After surveying students and faculty about the challenges they encountered as they pivoted to remote learning because of the pandemic, Jeffrey Haynes, director of information technology at the Gabelli School, wrote the grant proposal that was approved last summer.

“As COVID-19 hit and classes went remote, there was a thought that we would need to increase and improve the technology in our classrooms,” Haynes said. “We wanted remote students to be able to hear their classmates, see their classmates, and get them as close to being inside the classroom as possible.”

Previously, each classroom was equipped with a stationary podium and camera, limiting faculty to teach from one point of the room while dividing their attention between in-class and remote students.

Now remote students are projected on 85-inch screens inside the classroom, and motion-tracking cameras follow instructors and students as they move around the room. Anyone speaking is picked up by new microphones installed in the ceiling, allowing remote students to participate more actively in group work and discussion.

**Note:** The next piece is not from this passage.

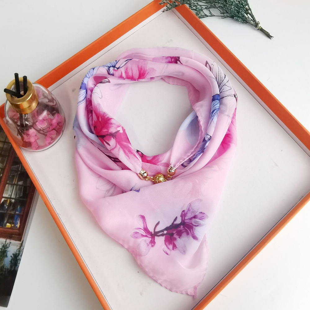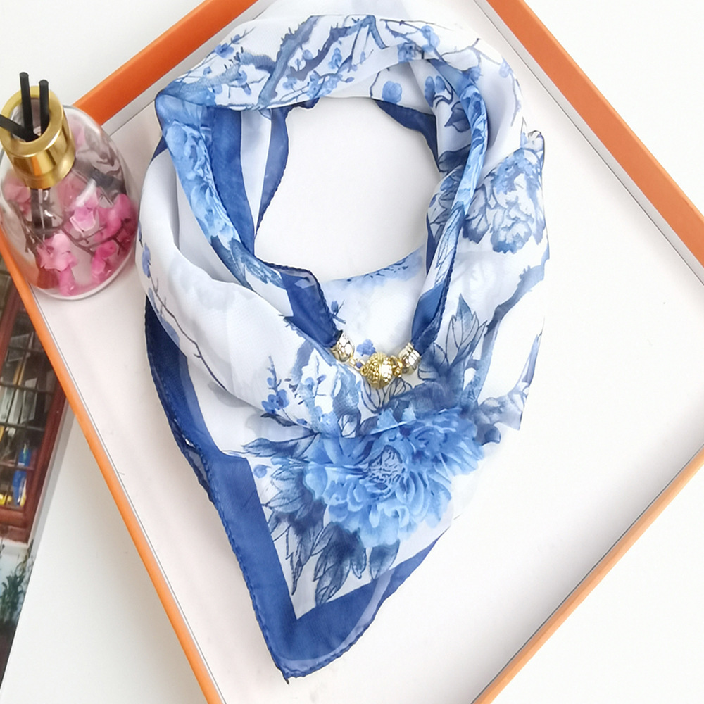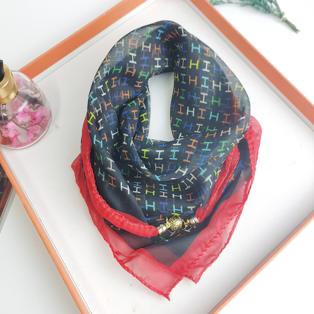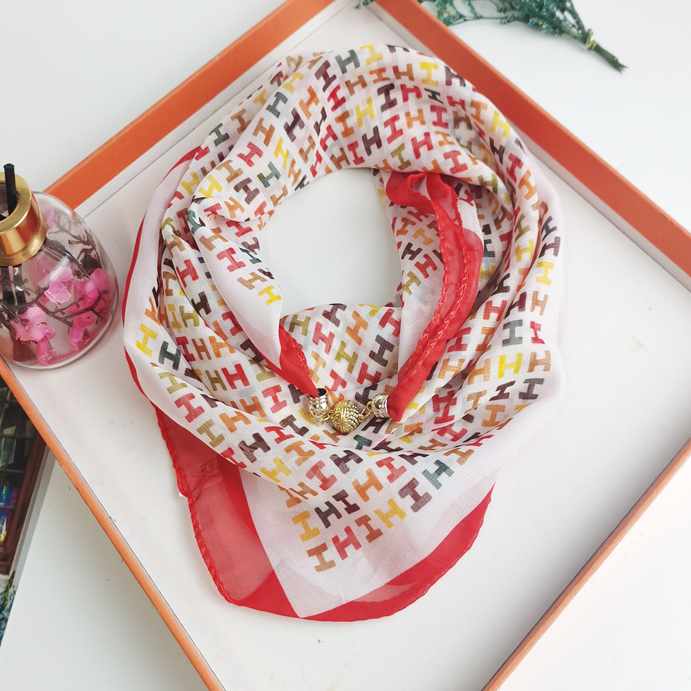 자석 버클 삼각 스카프, 목 보호대, 작은 골드 볼, 쉬폰 실크 스카프, 여성용 여름 자외선 차단 얇은 거즈 스카프, 넥 스카프, 사각 스카프, 타이다이스토어 가기
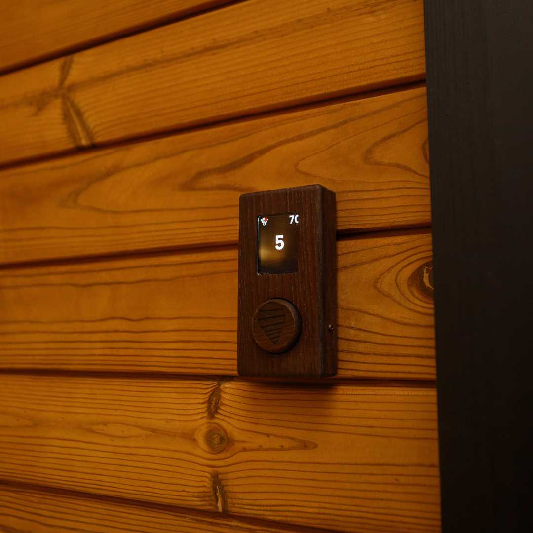 - LED apšvietimas pirties suolų nugaros atramose ir pirties išorėje;

The technology updates also make it possible for guest lecturers to visit classrooms virtually and speak to wider, remote audiences.

“The expectation is that this will vastly improve the experience for remote students so they don’t feel separate and for in-person students as well—everyone can engage in a more natural way,” Haynes said.

This is the second time the E.L. Wiegand Foundation has helped fund technology upgrades at the Gabelli School. The first was in 2016, with the award of a grant to construct the Trading Room at the Lincoln Center campus.

While universities across the nation are adapting to hybrid learning, Haynes hopes that the new and advanced technological capabilities at the Rose Hill campus will be an example not only for other schools at Fordham but also for institutions everywhere. “We are preparing our school for the eventuality where mixed modality will be needed, even in a post-COVID world.”